Is it possible that there’s a synchronisation deadlock ? The tablets try to synchronize mulitple program stage instances but linked to the same tracked entity instance ?
or does the user have too much “trackentityinstances” ?
the “updates” and “inserts” of trackedentityinstance seem to last way too long and seem to deadlock
I’ve tcpdumped the network and extracted the body with wireshark,
I’m now able to reproduce that on my server with a curl (without the mobile app).
The payload “looks” trivial in number of instances :
14 trackedEntityInstances
14 enrollment
135 events (so around 10 per entity)
As the nginx logs suggest the request get a http 504 timeout.
The command is run enough you get the symptom where dhis2 looks dead.
I don’t see the dead lock now, but tons of sql running, so assume the “post” ended up in a previous curl. So dhis2 do a lot of select to verify the data matches and conclude nothing should be updated.

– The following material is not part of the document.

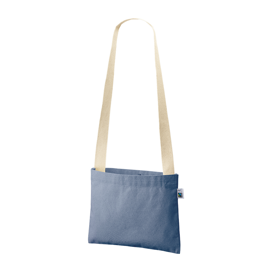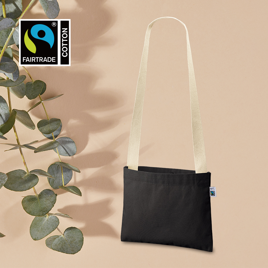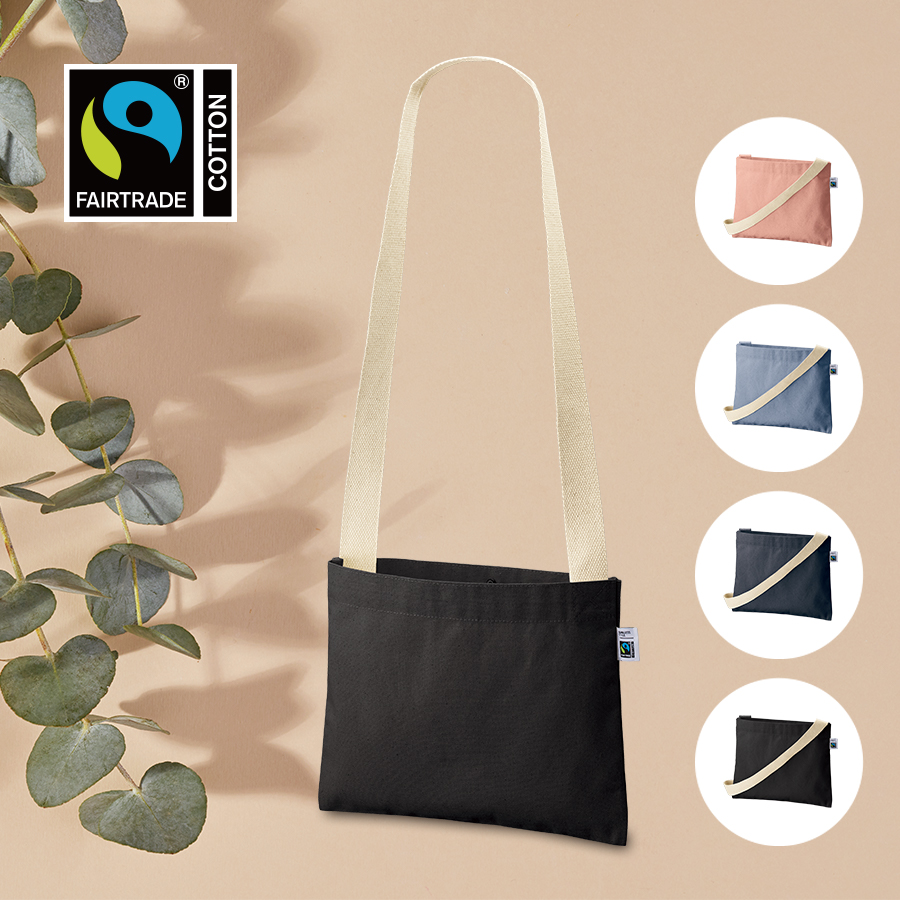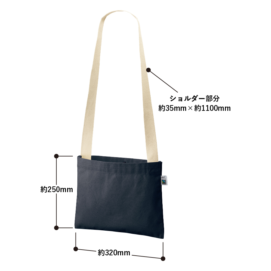 フェアトレードコットンを使用した横長のベーシックなシンプルサコッシュです。

but not reaching to that conclusion within 1 minute.
So the user receive “synchronisation” didn’t work but dhis2 is continuing the report… press again “synchronise”… and so on and kills the server or deadlock them self.
does someone can share their numbers ?
what is the biggest tracker ?
should users really be limited to one orgunit to keep this performant ?
does upgrading dhis2 will save the project ?
We’ve tracked this down to the java side doing too much, my hypothesis is that it opens a db transaction but never closes it because it can’t finish on the java side quick enough and just gets swamped with requests and db locks.
We’ve “fixed” this by upgrading our server to have more CPU available, which seems to help a lot, but this will not scale endlessly.